Data shown:
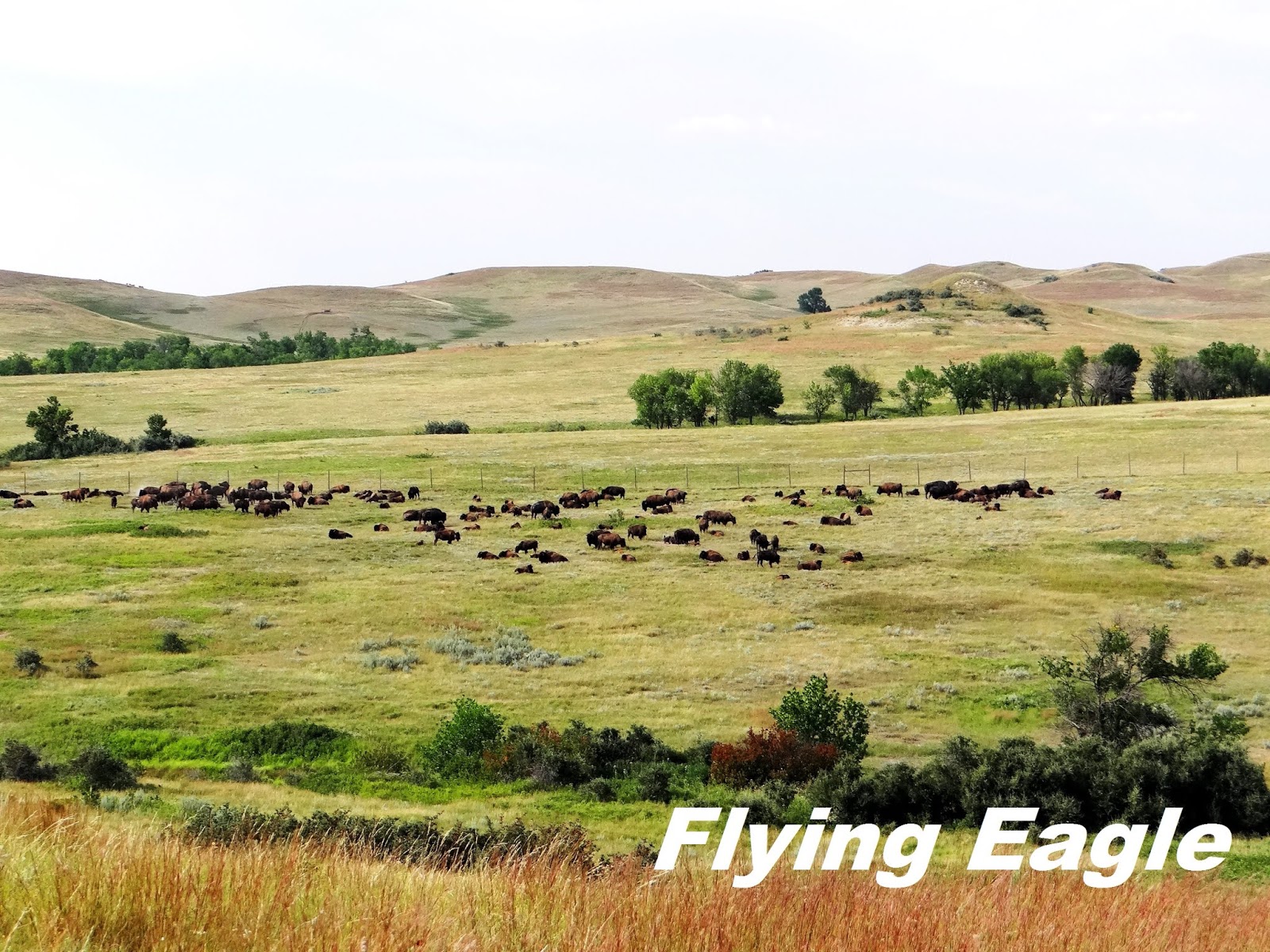 ▲大批美洲野牛安靜吃草。
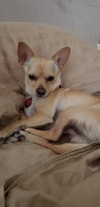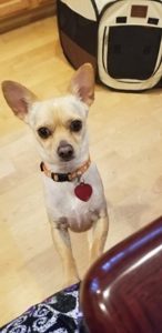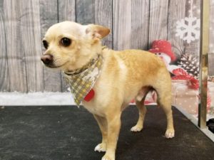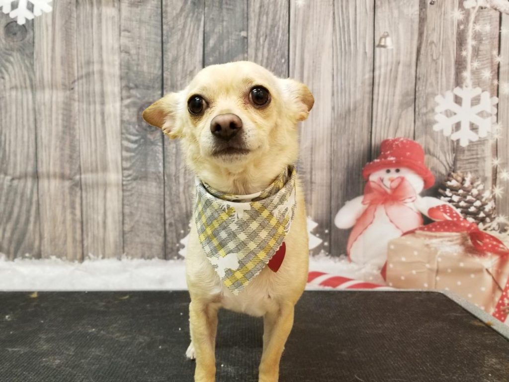 This is Ernie who is one of our Christmas fosters that we rescued from the West Valley Shelter. He is 3 1/2 years old and weighs 10 pounds. He has been doing great in his foster home and gets along with other dogs, but he really needs a quiet home where he is either the only dog or there is another dog his own size. It was originally thought that he was not trusting of men but that is not the case. He is just very timid and will growl and snap out of fear when meeting people. Once he is comfortable with you on his own terms (FYI lots of treats help break the ice) he is very loving and wants to snuggle with you. Because it is hard for him when he meets people, we currently have him on prozac and he will be working with our behaviorist to see if we can eliminate the prozac and help him feel safe around new people. He loves to be outdoors and go on walks and play. He also loves to burrow under a blanket and be left alone. He would make a wonderful companion. He would do best in a home with no children.
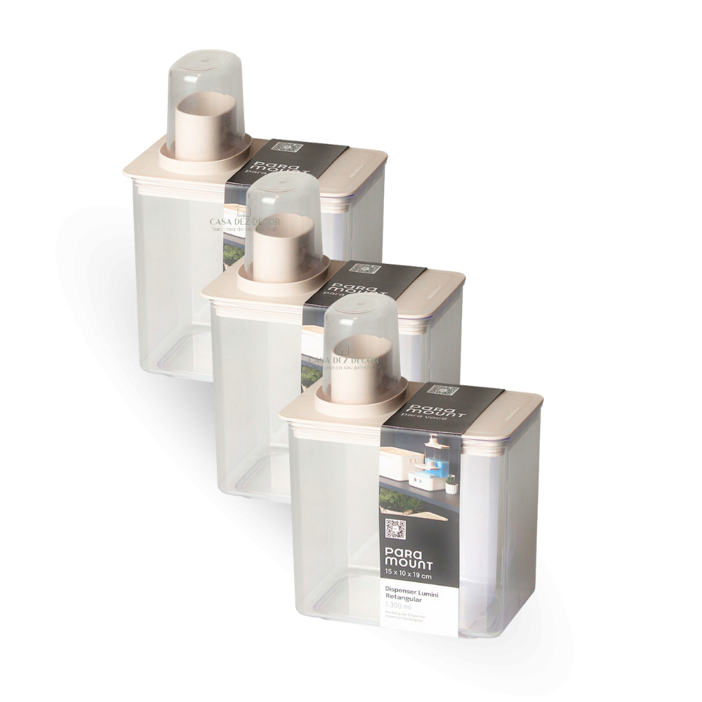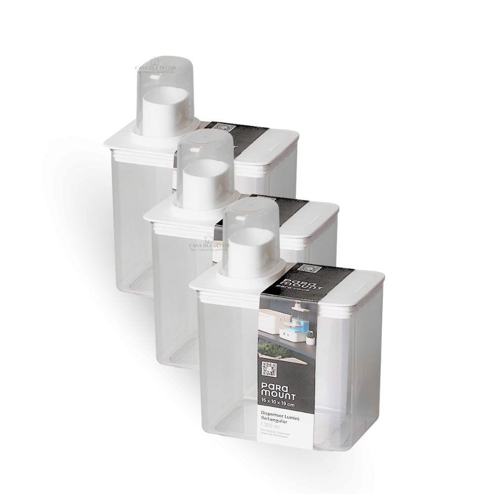 Kit 3 Dispenser Pote Medidor Hermético Produtos Limpeza Organizador de Lavanderia Fly 1,3L Paramount
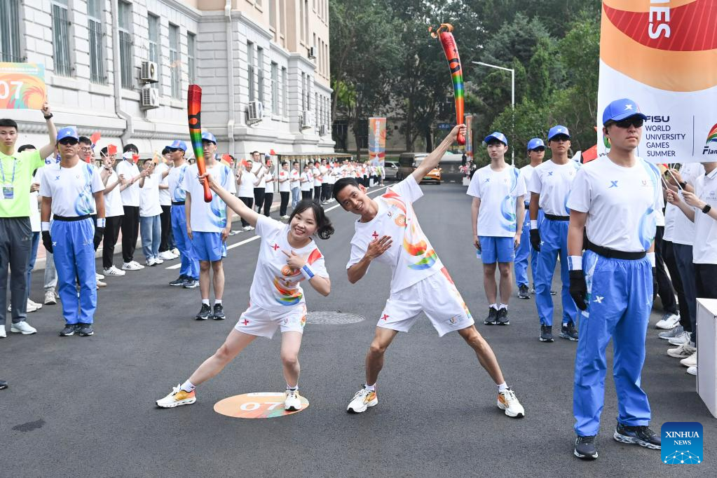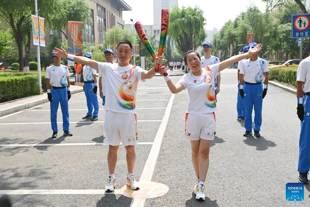 Torch bearers Dong Guojian (R) and Dai Xiaozhen pose during the torch relay of the Chengdu 2021 FISU Summer World University Games at Harbin Institute of Technology in Harbin, northeast China's Heilongjiang Province, June 15, 2023. (Xinhua/Xie Jianfei)
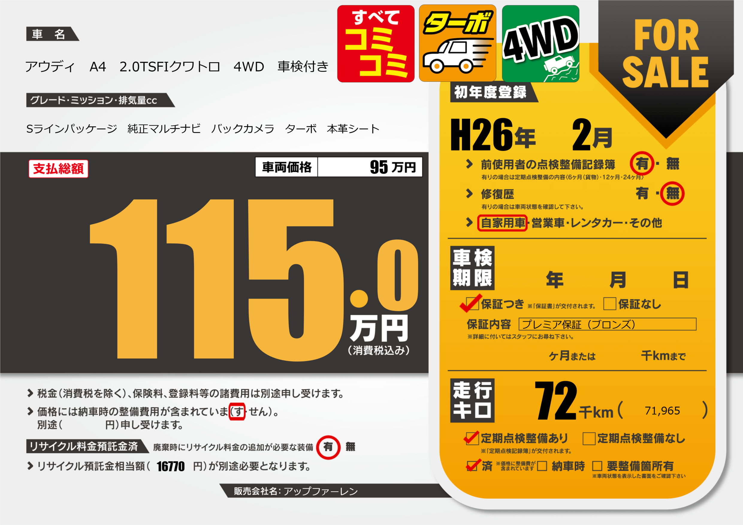 | 定期点検整備 | 定期点検整備あり 定期点検整備済み | ||
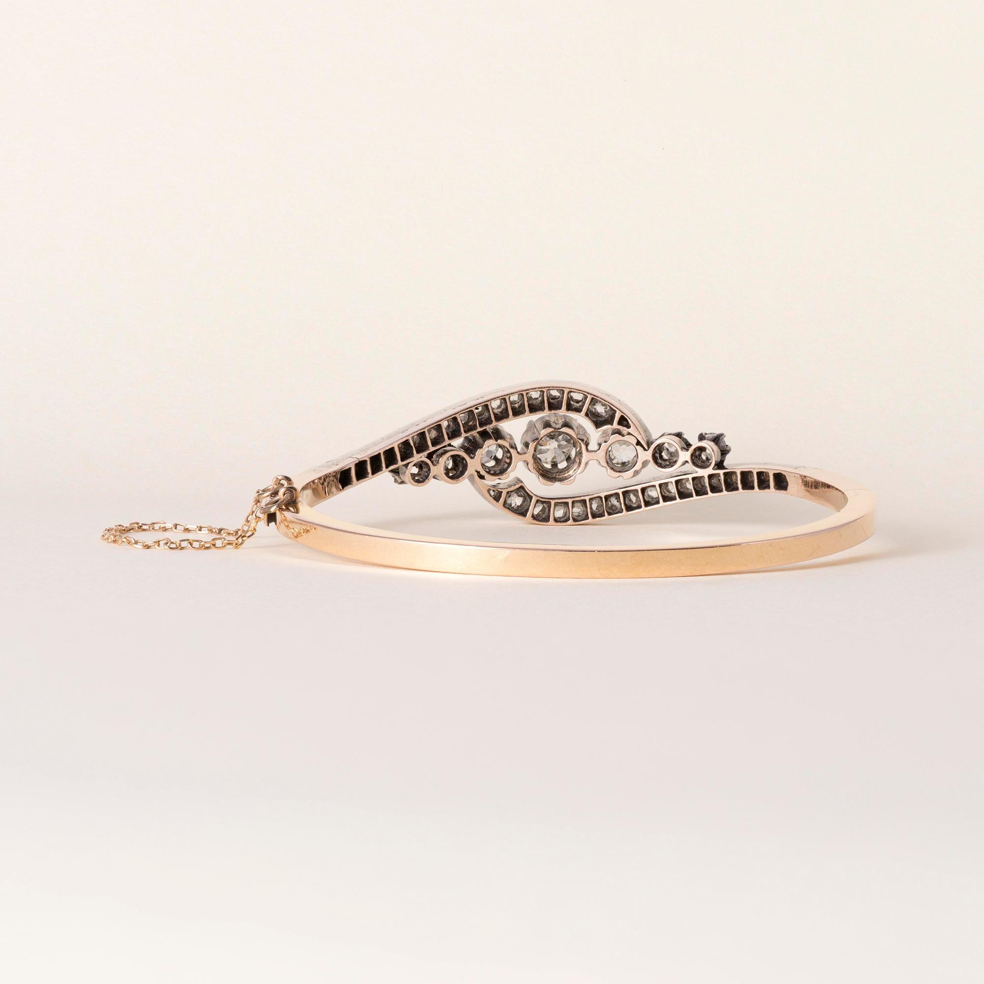 Antique French Napoléon III 2.50 Carats Diamond Cuff Bangle Rose Gold & Silver
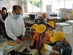 「部屋郵便局」と「デイリーストア」を選んだ班の子どもたちは、郵便はがきにスタンプを押したり、お金を数える機械を見せてもらったりしました。焼きたてのパンを売る工夫について教えてもらいました。たくさんの商品を並べている様子も見ることができました。

Your assignment: Every entry should be returned exactly as written, minus the pictures.

Answer for this exercise:
 ▲大批美洲野牛安靜吃草。
 This is Ernie who is one of our Christmas fosters that we rescued from the West Valley Shelter. He is 3 1/2 years old and weighs 10 pounds. He has been doing great in his foster home and gets along with other dogs, but he really needs a quiet home where he is either the only dog or there is another dog his own size. It was originally thought that he was not trusting of men but that is not the case. He is just very timid and will growl and snap out of fear when meeting people. Once he is comfortable with you on his own terms (FYI lots of treats help break the ice) he is very loving and wants to snuggle with you. Because it is hard for him when he meets people, we currently have him on prozac and he will be working with our behaviorist to see if we can eliminate the prozac and help him feel safe around new people. He loves to be outdoors and go on walks and play. He also loves to burrow under a blanket and be left alone. He would make a wonderful companion. He would do best in a home with no children.
 Kit 3 Dispenser Pote Medidor Hermético Produtos Limpeza Organizador de Lavanderia Fly 1,3L Paramount
 Torch bearers Dong Guojian (R) and Dai Xiaozhen pose during the torch relay of the Chengdu 2021 FISU Summer World University Games at Harbin Institute of Technology in Harbin, northeast China's Heilongjiang Province, June 15, 2023. (Xinhua/Xie Jianfei)
 | 定期点検整備 | 定期点検整備あり 定期点検整備済み | ||
 Antique French Napoléon III 2.50 Carats Diamond Cuff Bangle Rose Gold & Silver
 「部屋郵便局」と「デイリーストア」を選んだ班の子どもたちは、郵便はがきにスタンプを押したり、お金を数える機械を見せてもらったりしました。焼きたてのパンを売る工夫について教えてもらいました。たくさんの商品を並べている様子も見ることができました。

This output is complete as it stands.